United States District Court, S.D. New York

June 4, 2015

CLAYTON BROWN, Petitioner,


VALERIE CAPRONI, District Judge.

Pro se Petitioner Clayton Brown filed this petition for a writ of habeas corpus pursuant to 28 U.S.C. § 2254, challenging his June 1, 2011 conviction in New York State Supreme Court, New York County, for criminal sale of a controlled substance under N.Y. Penal Law §220.39(1). This Court referred the action to Magistrate Judge Michael H. Dolinger for a Report and Recommendation ("R&R") pursuant to 28 U.S.C. § 636(b). Dkt. 5. On April 22, 2015, Magistrate Judge Dolinger issued his R&R, recommending that the Petition be denied. Dkt. 14. Upon careful review of the record, the R&R, and Petitioner's Objections to the R&R, the Court agrees with the R&R; accordingly, the Petition is DENIED.

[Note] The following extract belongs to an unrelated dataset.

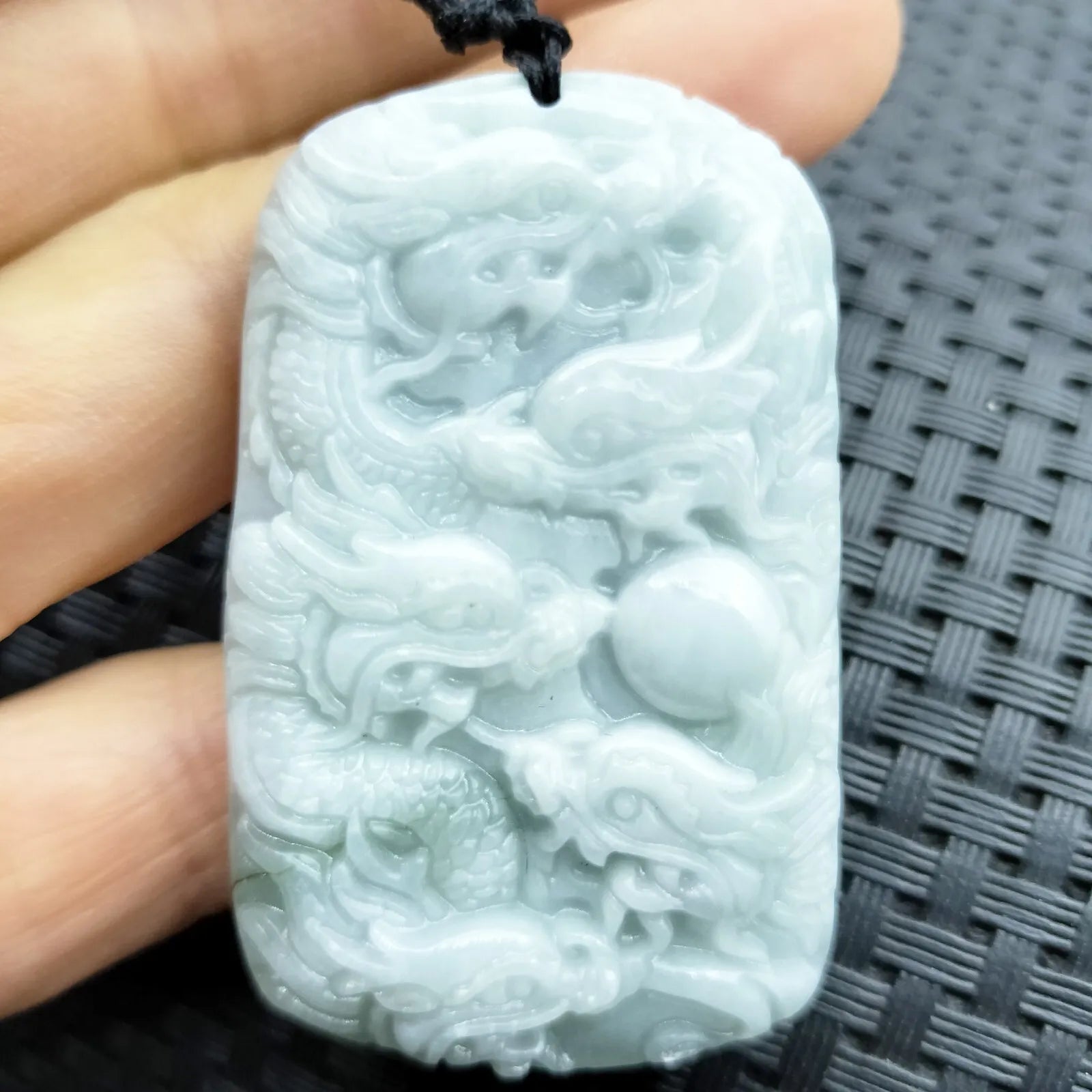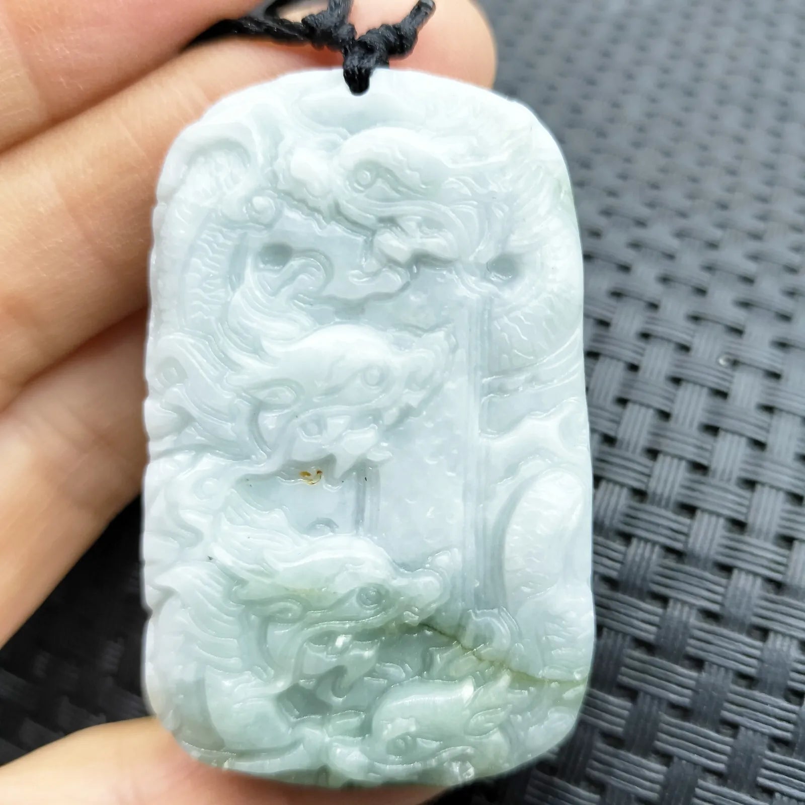 Certified Lavender Natural Type A Jade Jadeite Carved Nine Dragons Bead Pendant

On October 9, 2010, Brown was arrested for criminal sale of a controlled substance as part of a "buy-and-bust" operation. At trial, the State's evidence against Brown relied heavily on the testimony of two undercover officers, who testified that they witnessed the narcotics transaction. Before the officers testified, the court held a Hinton hearing to determine the necessity of closing the courtroom during the testimony of the undercover officers. See People v. Hinton, 31 N.Y.2d 71 (1972). The trial court found that partial closure of the courtroom was warranted, noting that there was "an overriding public interest... involving the safety of the officers" and that "proceeding any other way would endanger the lives and seriously damage other investigations being conducted by these officers." Hinton Tr. at 41.[1] Although the trial court closed the courtroom to the public during the officers' testimony, Petitioner's girlfriend and niece were allowed to remain in the courtroom. Id. at 41. The jury found Brown guilty of criminal sale of a controlled substance; the trial court sentenced him to seven years in prison with three years of post-release supervision. Sentencing Tr. at 22.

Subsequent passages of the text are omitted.